On the other hand, PLA and PC are incompatible polymers due to aliphatic structure of PLA, aromatic structure of PC, higher viscosity of PC than PLA, and high surface tensions. Therefore, the interfacial adhesion and mechanical properties of the PLA/PC blend are poor, and it is important to find a way to improve it. Generally, a third component is added as a compatibilizer or catalyst to improve the compatibility between two immiscible components for PLA/PC and polyester/PC blends [17, 20, 21]. Some catalysts or metallic fillers can improve the performance of the PLA/PC blend by promoting the transesterification reactions between PLA and PC.

Chelghoum et al. [17] studied the compatibilization of the PLA/PC blends by adding samarium acetylacetonate (Sm-Acac) to catalyze the reaction.
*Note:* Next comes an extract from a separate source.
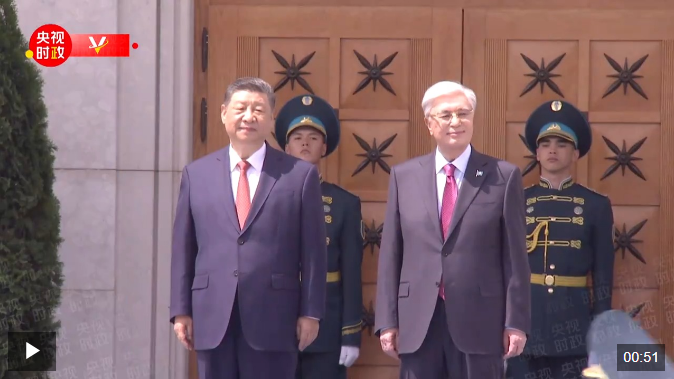 習(xí)近平抵達(dá)阿斯塔納納扎爾巴耶夫國際機(jī)場時(shí),托卡耶夫總統(tǒng)率總統(tǒng)辦公廳主任達(dá)杰拜、副總理兼外長努爾特列烏、總統(tǒng)外事顧問卡濟(jì)漢、阿斯塔納市長卡瑟姆別克等高級(jí)官員熱情迎接。身著盛裝的哈薩克斯坦女青年向習(xí)近平獻(xiàn)花。禮兵分列藍(lán)地毯兩側(cè)致敬,哈薩克斯坦少年兒童手持中哈兩國國旗熱烈歡迎習(xí)近平到訪。習(xí)近平在托卡耶夫陪同下觀看儀仗隊(duì)分列式,直升機(jī)懸掛中哈國旗從機(jī)場上空飛過。在機(jī)場貴賓樓內(nèi),兩國元首還共同欣賞哈薩克斯坦少年兒童的文藝表演。

Hedayati et al. [8] and Phuong et al. [20] used dicumyl peroxide (DCP) and cobalt (II) acetylacetonate (Co), tetrabutylammonium tetraphenylborate (TBATPB) and triacetin catalysts in PLA/PC blends. Liu et al. [19] investigated the effect of zinc borate, titanium pigment, and tetrabutyl titanate catalysts on the transesterification reactions between PLA and PC under flow field. It was reported that tetrabutyl titanate was the most effective catalyst.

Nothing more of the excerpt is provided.